Welsh Rugby Update 16.04.2020


This week's WRU Status Update comes from chiarman Gareth Davies

In normal times, I afford myself the luxury of a game of golf on a given weekend. As a former rugby player who has represented his country I like to think I have a certain aptitude for sport in general and, as I’ve moved away from full-time employment over the years, I’ve been able to devote more time to golf.  I fulfil my duties as WRU chairman with pride, diligence and dedication during the week, but I’m a Sunday morning regular and I might get out and practice with extra sessions when time allows.

It’s the kind of schedule that rugby players in the community game might enjoy as they prepare to partake of their chosen past-time on rugby pitches around Wales during the season.  In comparison to the professional game in either sport, I’d suggest we are perhaps at a similar standard.  I’m not going to win the Ryder Cup and there are hundreds of players at clubs around the country who will never pull on the red jersey of Wales, but who nevertheless love and passionately enjoy our game and, indeed, help to sustain it with enthusiasm and commitment to it.

As we often state, the community game is the lifeblood of our sport, club players are also supporters, coaches, administrators and referees and alongside their families and social networks they form the very DNA of Welsh rugby, but there is one persistent factor at this level of the game that I simply cannot fathom – payment.

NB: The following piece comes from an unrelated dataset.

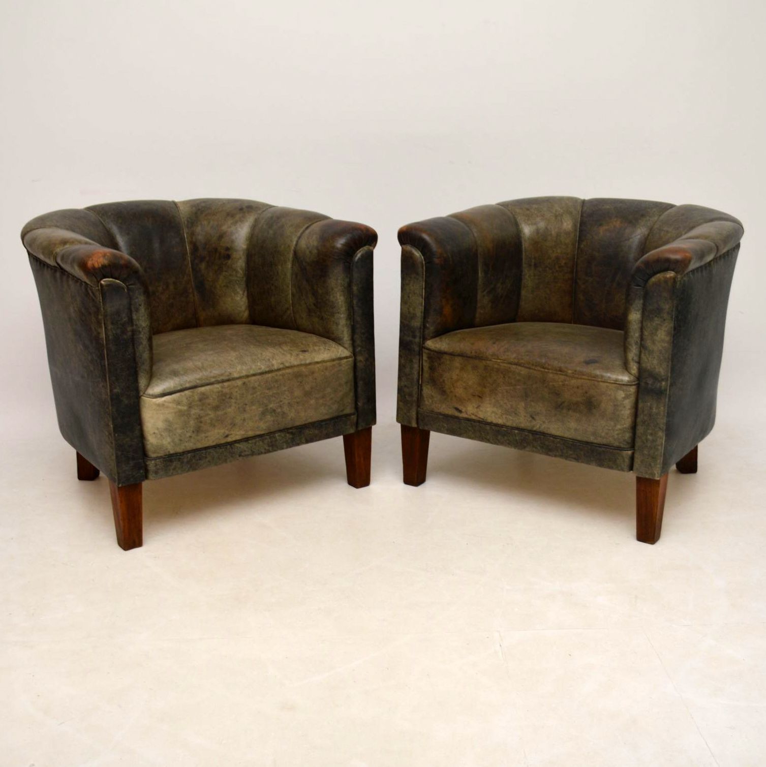 Pair of Antique Swedish Leather Tub Armchairs (1 of 1)

There is no one scouting the golf courses looking to tempt me with lucrative offers after a decent round and neither would I, nor anyone else for that matter, expect there to be.  So why do clubs, who exist for rugby and rugby alone so unnecessarily drain the very resources which could ensure long term sustainability by insisting on paying players?

I spoke on these pages last week about opportunity arising from present adversity.  Clubs around the country now have a stark admission to make, after cancelling the season at the end of March doors have been closed, lights have been switched off and costs have been minimised, in readiness for the time when we can switch everything back on again.  But there are outliers who cannot turn off all the taps in this simple way.  They are the amateur clubs who have players on contracts and with wage bills to sustain.  In the professional game there have been negotiations and pay-cuts across the board, but in the amateur game this should not have been an issue. 

I know many of our Indigo Group Premiership clubs, for example, are keen to use the current lull in playing to re-assess their own finances.  At this level of the game there is a willingness already to more tightly control payments made to players and a widespread acceptance that this aspect of individual club business models is not currently fit for purpose. But, if the Premiership must significantly tighten its belt, elsewhere payments must not be made at all.

We will have the opportunity soon, we hope, to start again.  The opportunity is there for us all to sit down with our key stakeholders and re-calibrate.  Welsh rugby will return with renewed vigour, it will be refreshed and irrepressible and the communities around our clubs will flood out of their homes to gather again to enjoy each other’s company and to enjoy our national sport.

But please, dear clubs, I implore you let us start again with the right structure. If no club offers payment, then there will be no market for player wages and no club will feel the need.  If no club breaks ranks and we all play for enjoyment, for our town or village of birth, for the club with whom we hold the strongest affinity, with our friends and neighbours, our extended families and our children, then no club will suffer the same threat of oblivion that is currently being felt in some quarters if a similar crisis were to strike again.

Don’t pay players.  Play in the league you are in, strive to beat the opposition you face, dream of lifting the trophies available at your current standard and attract the players who are drawn to your club.  Use the money you save on attracting, developing and engaging players for the future or on ensuring your club remains the central hub of your community that it has always been. Be sustainable and help safeguard the future for us all.